◆ What is required ◆
Leaving out the pictures, restate each record below word for word.

*** Opening Given records ***

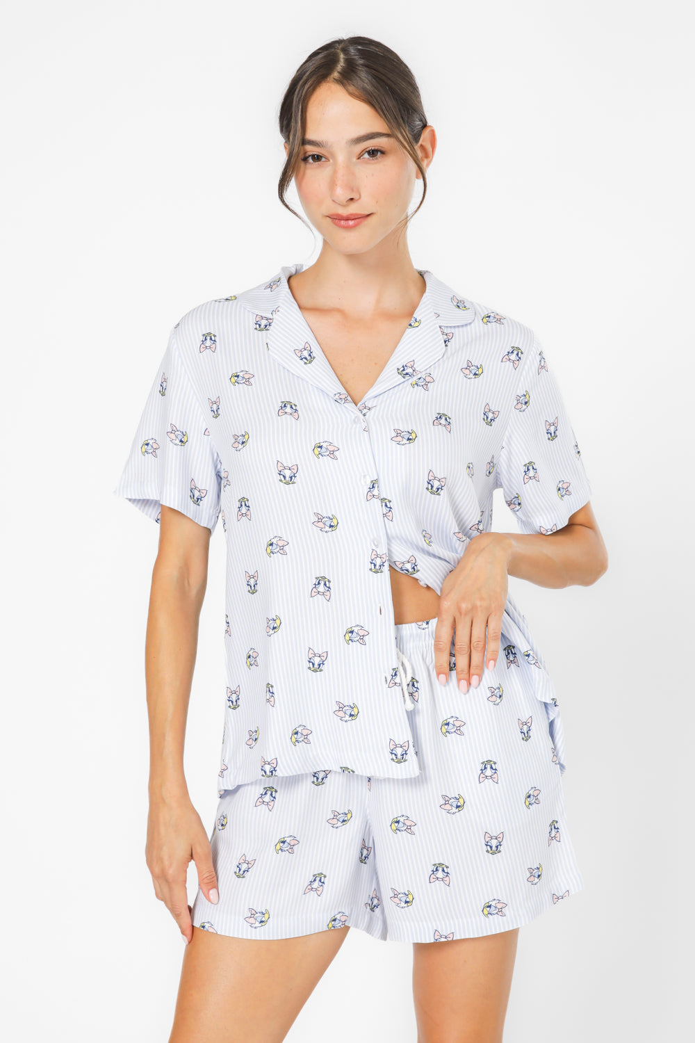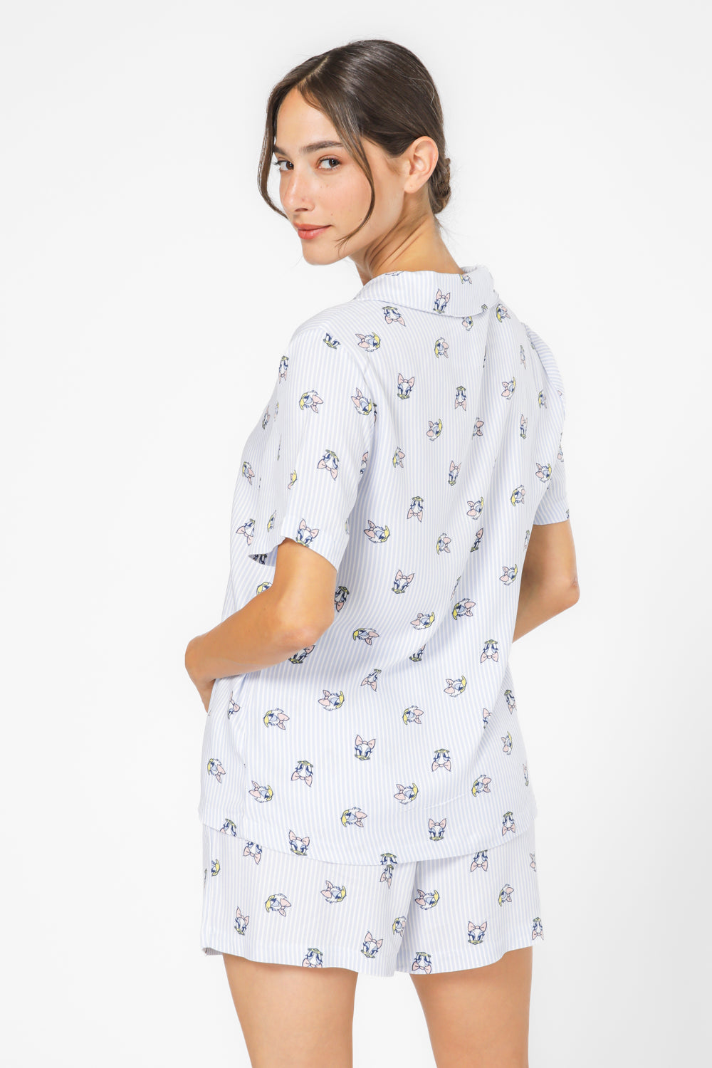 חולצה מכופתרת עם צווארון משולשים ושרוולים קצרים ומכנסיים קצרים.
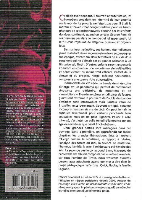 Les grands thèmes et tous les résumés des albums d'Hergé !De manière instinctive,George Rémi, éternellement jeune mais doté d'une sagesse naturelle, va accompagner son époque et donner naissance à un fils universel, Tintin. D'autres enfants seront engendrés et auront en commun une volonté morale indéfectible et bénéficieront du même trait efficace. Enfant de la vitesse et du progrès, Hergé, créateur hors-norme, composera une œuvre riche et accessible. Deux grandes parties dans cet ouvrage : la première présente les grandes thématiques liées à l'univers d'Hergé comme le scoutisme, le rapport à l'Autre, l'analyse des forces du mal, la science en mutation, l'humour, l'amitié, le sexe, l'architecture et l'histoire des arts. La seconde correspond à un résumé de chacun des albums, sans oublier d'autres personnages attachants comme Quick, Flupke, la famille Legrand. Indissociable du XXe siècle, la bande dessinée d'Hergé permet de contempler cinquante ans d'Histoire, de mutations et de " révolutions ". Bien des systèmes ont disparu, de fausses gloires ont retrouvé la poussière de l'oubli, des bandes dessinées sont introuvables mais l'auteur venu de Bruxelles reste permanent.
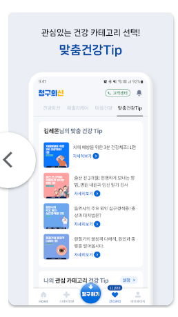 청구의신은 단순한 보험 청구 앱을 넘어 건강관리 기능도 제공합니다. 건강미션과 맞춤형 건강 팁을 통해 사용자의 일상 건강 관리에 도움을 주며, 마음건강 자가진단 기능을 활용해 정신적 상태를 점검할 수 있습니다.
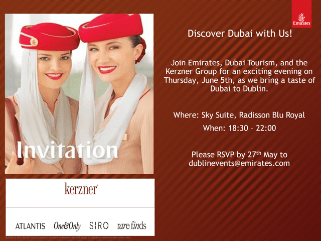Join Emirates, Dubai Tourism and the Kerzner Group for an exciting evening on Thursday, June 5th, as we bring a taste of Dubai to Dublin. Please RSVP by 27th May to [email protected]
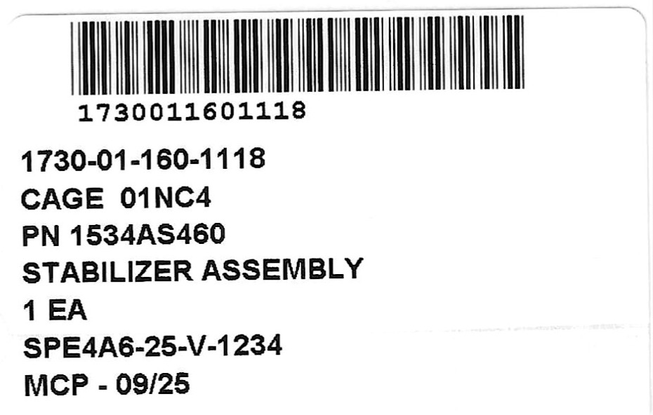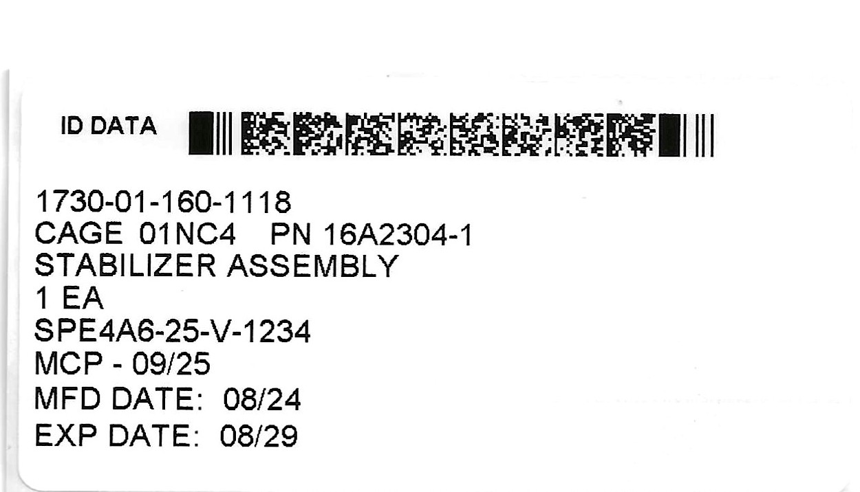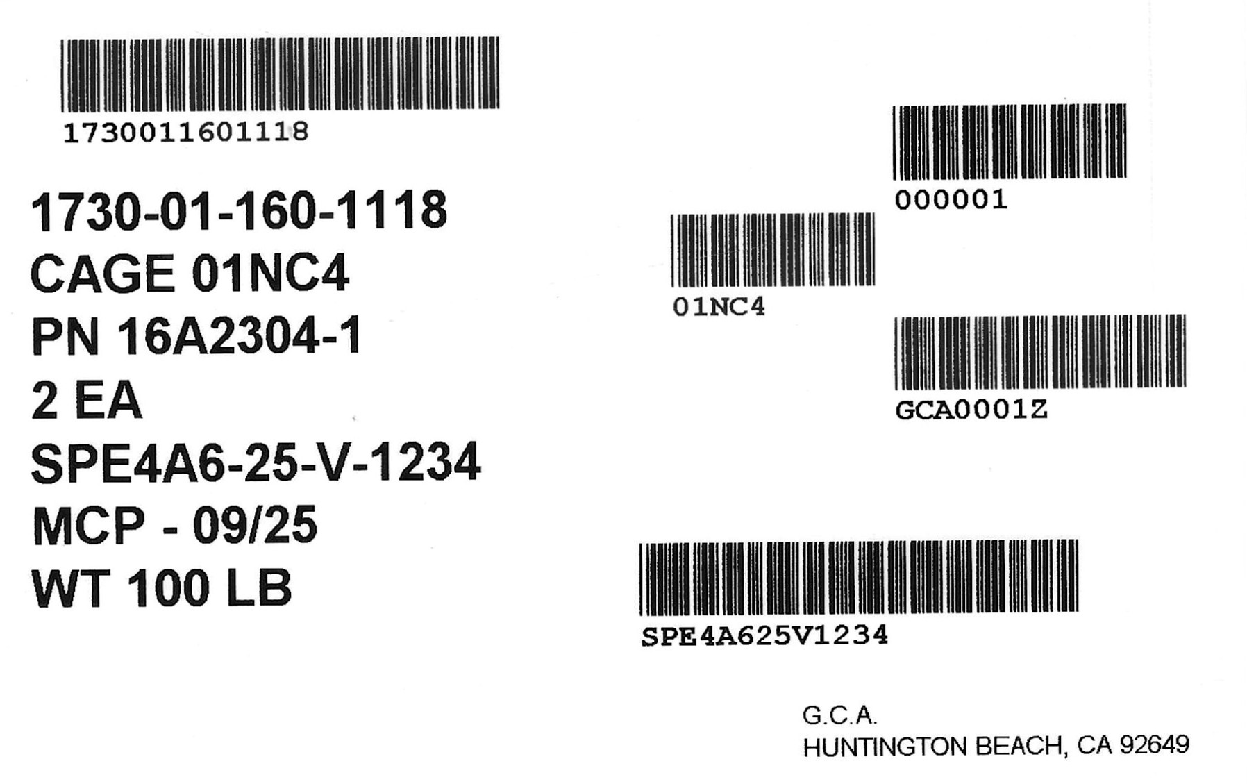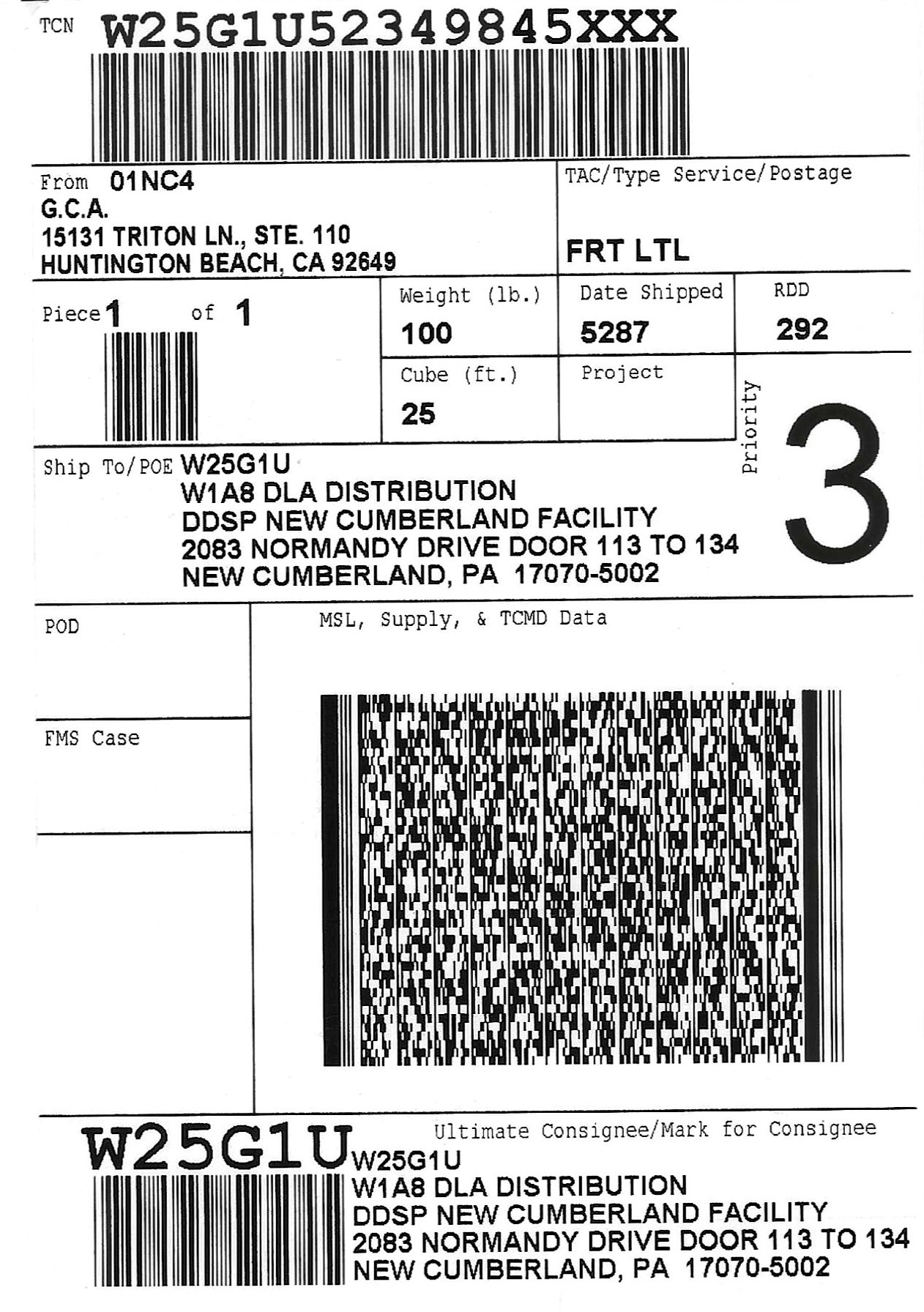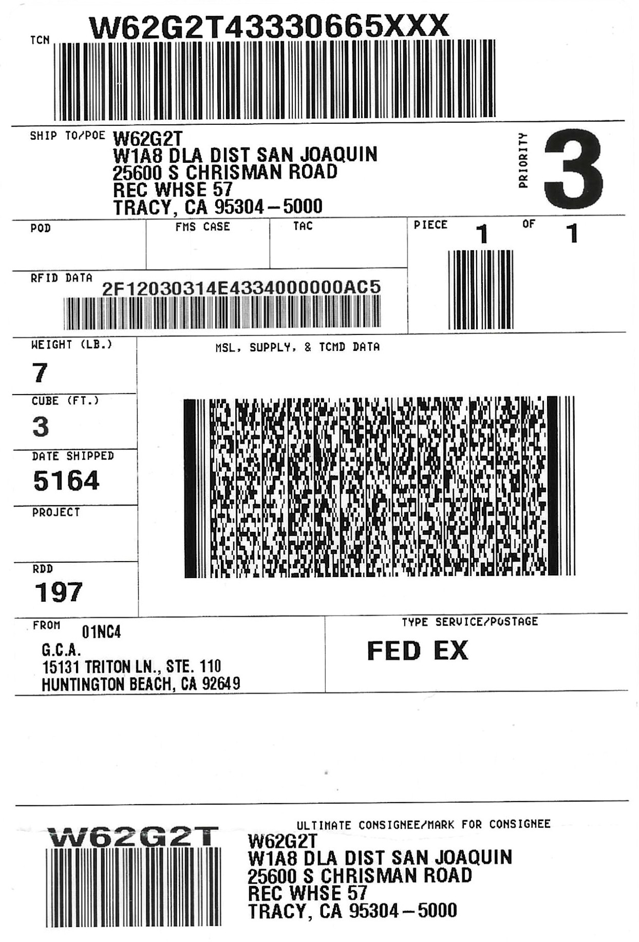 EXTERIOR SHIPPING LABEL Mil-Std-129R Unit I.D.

*** Closing Given records ***

◆ Solution to this exercise ◆
 חולצה מכופתרת עם צווארון משולשים ושרוולים קצרים ומכנסיים קצרים.
 Les grands thèmes et tous les résumés des albums d'Hergé !De manière instinctive,George Rémi, éternellement jeune mais doté d'une sagesse naturelle, va accompagner son époque et donner naissance à un fils universel, Tintin. D'autres enfants seront engendrés et auront en commun une volonté morale indéfectible et bénéficieront du même trait efficace. Enfant de la vitesse et du progrès, Hergé, créateur hors-norme, composera une œuvre riche et accessible. Deux grandes parties dans cet ouvrage : la première présente les grandes thématiques liées à l'univers d'Hergé comme le scoutisme, le rapport à l'Autre, l'analyse des forces du mal, la science en mutation, l'humour, l'amitié, le sexe, l'architecture et l'histoire des arts. La seconde correspond à un résumé de chacun des albums, sans oublier d'autres personnages attachants comme Quick, Flupke, la famille Legrand. Indissociable du XXe siècle, la bande dessinée d'Hergé permet de contempler cinquante ans d'Histoire, de mutations et de " révolutions ". Bien des systèmes ont disparu, de fausses gloires ont retrouvé la poussière de l'oubli, des bandes dessinées sont introuvables mais l'auteur venu de Bruxelles reste permanent.
 청구의신은 단순한 보험 청구 앱을 넘어 건강관리 기능도 제공합니다. 건강미션과 맞춤형 건강 팁을 통해 사용자의 일상 건강 관리에 도움을 주며, 마음건강 자가진단 기능을 활용해 정신적 상태를 점검할 수 있습니다.
Join Emirates, Dubai Tourism and the Kerzner Group for an exciting evening on Thursday, June 5th, as we bring a taste of Dubai to Dublin. Please RSVP by 27th May to [email protected]
 EXTERIOR SHIPPING LABEL Mil-Std-129R Unit I.D.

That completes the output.